[RAW DATA]
------------------------------------
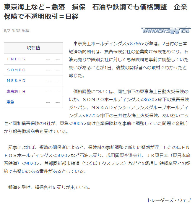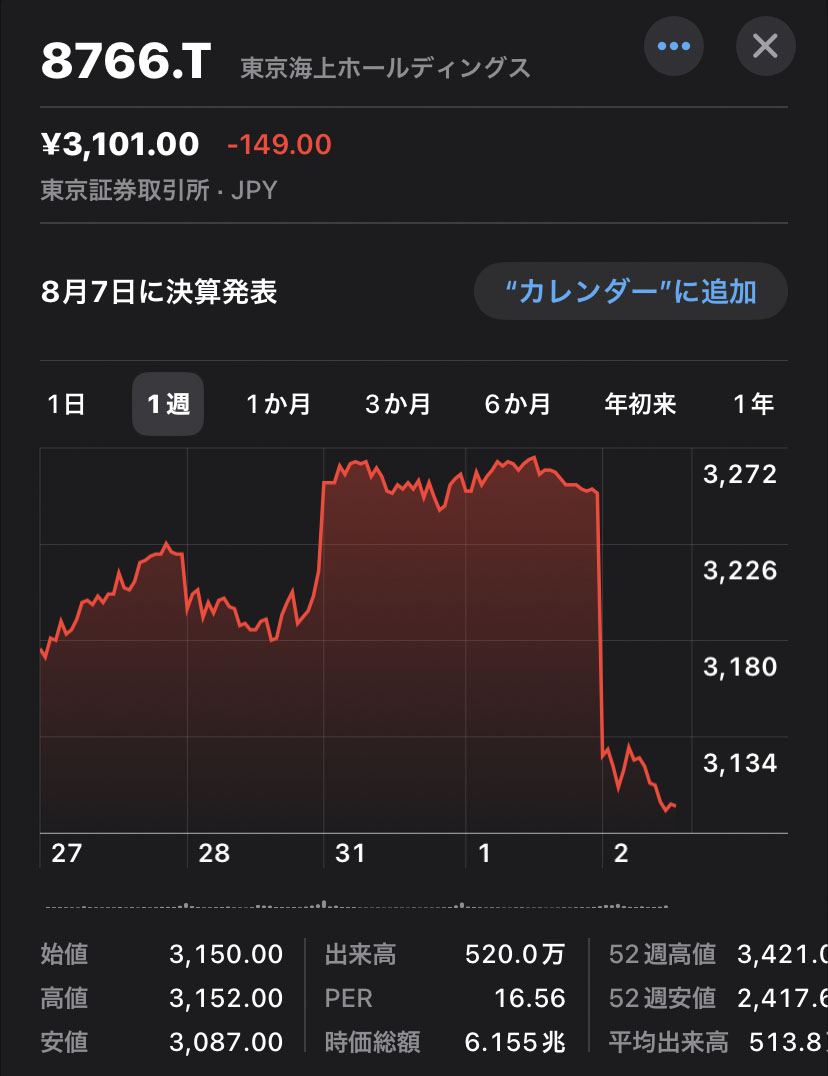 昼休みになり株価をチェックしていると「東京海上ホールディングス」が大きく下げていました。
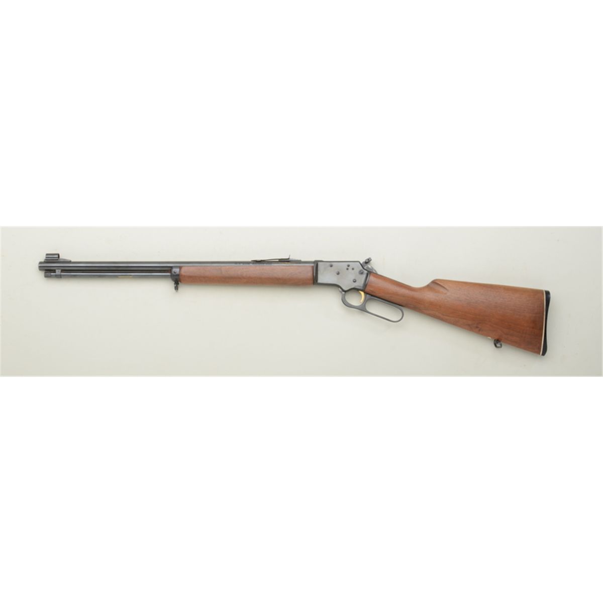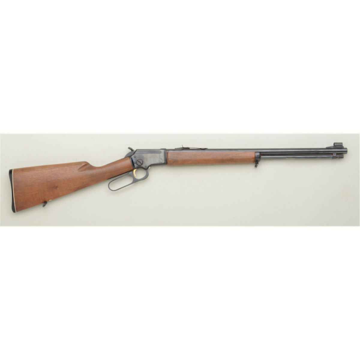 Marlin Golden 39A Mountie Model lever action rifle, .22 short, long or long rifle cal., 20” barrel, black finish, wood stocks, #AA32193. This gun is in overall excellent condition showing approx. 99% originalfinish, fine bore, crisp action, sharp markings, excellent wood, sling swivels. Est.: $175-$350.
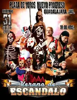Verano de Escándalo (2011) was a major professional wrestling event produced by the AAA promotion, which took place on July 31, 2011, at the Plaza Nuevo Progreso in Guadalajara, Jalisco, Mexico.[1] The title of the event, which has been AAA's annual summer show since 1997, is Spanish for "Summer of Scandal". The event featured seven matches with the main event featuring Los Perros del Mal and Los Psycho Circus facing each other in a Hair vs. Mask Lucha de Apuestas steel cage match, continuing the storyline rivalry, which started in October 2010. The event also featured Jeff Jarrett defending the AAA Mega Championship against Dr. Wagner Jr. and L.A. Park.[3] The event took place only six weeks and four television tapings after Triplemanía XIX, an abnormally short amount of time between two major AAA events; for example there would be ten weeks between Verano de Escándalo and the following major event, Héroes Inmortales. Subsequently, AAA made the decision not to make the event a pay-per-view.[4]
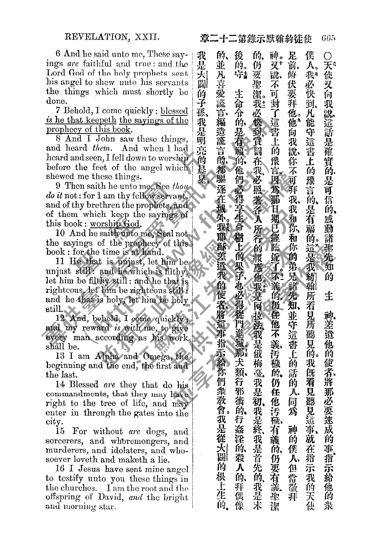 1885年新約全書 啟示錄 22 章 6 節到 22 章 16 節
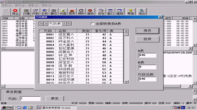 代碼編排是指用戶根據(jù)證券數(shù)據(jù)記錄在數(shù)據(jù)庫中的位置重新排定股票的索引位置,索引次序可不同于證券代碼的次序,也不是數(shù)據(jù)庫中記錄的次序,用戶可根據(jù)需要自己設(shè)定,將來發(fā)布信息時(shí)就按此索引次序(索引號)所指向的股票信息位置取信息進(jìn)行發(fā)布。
------------------------------------
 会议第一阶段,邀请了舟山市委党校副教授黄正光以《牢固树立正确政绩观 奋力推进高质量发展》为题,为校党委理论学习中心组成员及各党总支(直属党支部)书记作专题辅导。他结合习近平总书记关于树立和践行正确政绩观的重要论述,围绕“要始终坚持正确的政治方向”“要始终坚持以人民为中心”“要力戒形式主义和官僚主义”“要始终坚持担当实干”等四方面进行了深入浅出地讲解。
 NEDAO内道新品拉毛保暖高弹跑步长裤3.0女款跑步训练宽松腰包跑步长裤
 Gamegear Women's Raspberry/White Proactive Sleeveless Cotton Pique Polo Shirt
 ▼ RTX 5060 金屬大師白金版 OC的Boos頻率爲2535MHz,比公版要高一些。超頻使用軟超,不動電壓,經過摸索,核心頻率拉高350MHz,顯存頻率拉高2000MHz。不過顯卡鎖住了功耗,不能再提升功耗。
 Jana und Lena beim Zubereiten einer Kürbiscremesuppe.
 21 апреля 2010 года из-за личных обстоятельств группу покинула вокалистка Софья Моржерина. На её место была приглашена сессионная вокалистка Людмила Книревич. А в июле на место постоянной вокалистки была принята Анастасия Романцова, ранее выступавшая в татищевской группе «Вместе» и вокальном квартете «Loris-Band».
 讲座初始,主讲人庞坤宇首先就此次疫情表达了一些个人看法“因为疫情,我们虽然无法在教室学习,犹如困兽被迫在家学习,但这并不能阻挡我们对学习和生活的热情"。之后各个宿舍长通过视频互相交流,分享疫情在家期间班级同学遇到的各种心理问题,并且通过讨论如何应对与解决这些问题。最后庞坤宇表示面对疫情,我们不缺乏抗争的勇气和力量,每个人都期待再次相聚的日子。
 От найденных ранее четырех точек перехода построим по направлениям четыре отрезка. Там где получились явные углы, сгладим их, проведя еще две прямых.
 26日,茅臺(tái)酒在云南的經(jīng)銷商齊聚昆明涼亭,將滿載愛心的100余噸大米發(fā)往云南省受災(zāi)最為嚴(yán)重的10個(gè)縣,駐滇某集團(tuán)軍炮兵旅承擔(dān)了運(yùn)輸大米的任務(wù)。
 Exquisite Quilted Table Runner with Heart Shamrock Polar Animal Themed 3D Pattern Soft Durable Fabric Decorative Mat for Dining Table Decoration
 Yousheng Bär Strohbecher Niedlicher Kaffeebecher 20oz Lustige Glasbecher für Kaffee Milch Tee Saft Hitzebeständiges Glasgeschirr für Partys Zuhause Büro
------------------------------------
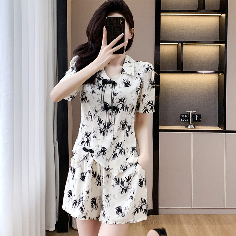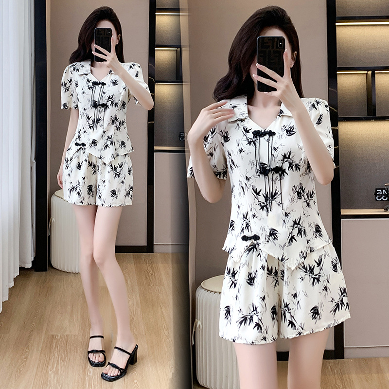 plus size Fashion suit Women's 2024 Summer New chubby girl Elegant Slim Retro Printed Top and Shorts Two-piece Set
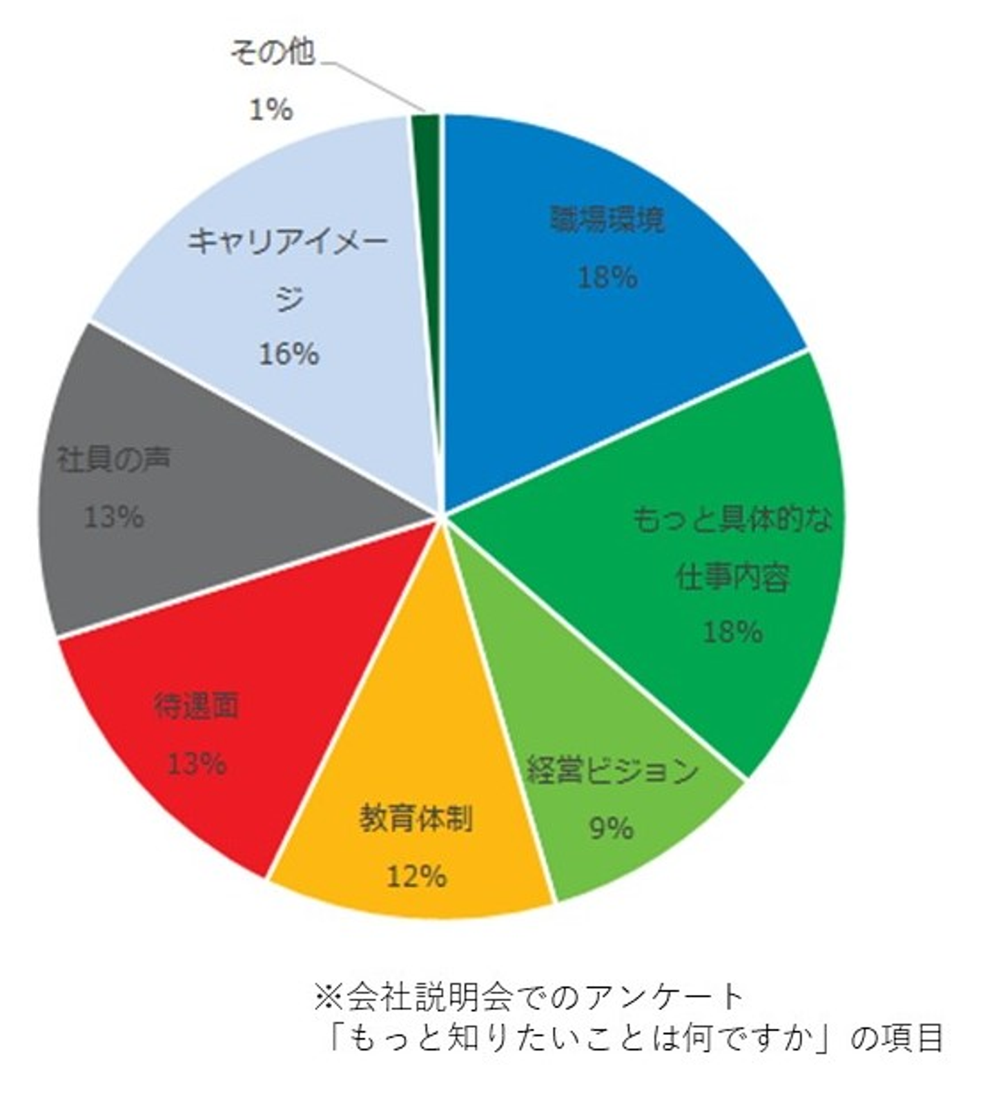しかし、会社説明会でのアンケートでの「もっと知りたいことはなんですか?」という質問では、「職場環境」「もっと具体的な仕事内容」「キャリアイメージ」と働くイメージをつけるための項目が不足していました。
------------------------------------
[ABOUT THIS TASK]
Set down precisely the lines above between the line holding "会议第一阶段,邀请了舟山市委" and the line holding "NEDAO内道新品拉毛保暖高弹跑步长裤3.0女款跑步训练宽松腰包跑步长裤", inclusive, and nothing beyond them.

[RESPONSE AREA]
 会议第一阶段,邀请了舟山市委党校副教授黄正光以《牢固树立正确政绩观 奋力推进高质量发展》为题,为校党委理论学习中心组成员及各党总支(直属党支部)书记作专题辅导。他结合习近平总书记关于树立和践行正确政绩观的重要论述,围绕“要始终坚持正确的政治方向”“要始终坚持以人民为中心”“要力戒形式主义和官僚主义”“要始终坚持担当实干”等四方面进行了深入浅出地讲解。
 NEDAO内道新品拉毛保暖高弹跑步长裤3.0女款跑步训练宽松腰包跑步长裤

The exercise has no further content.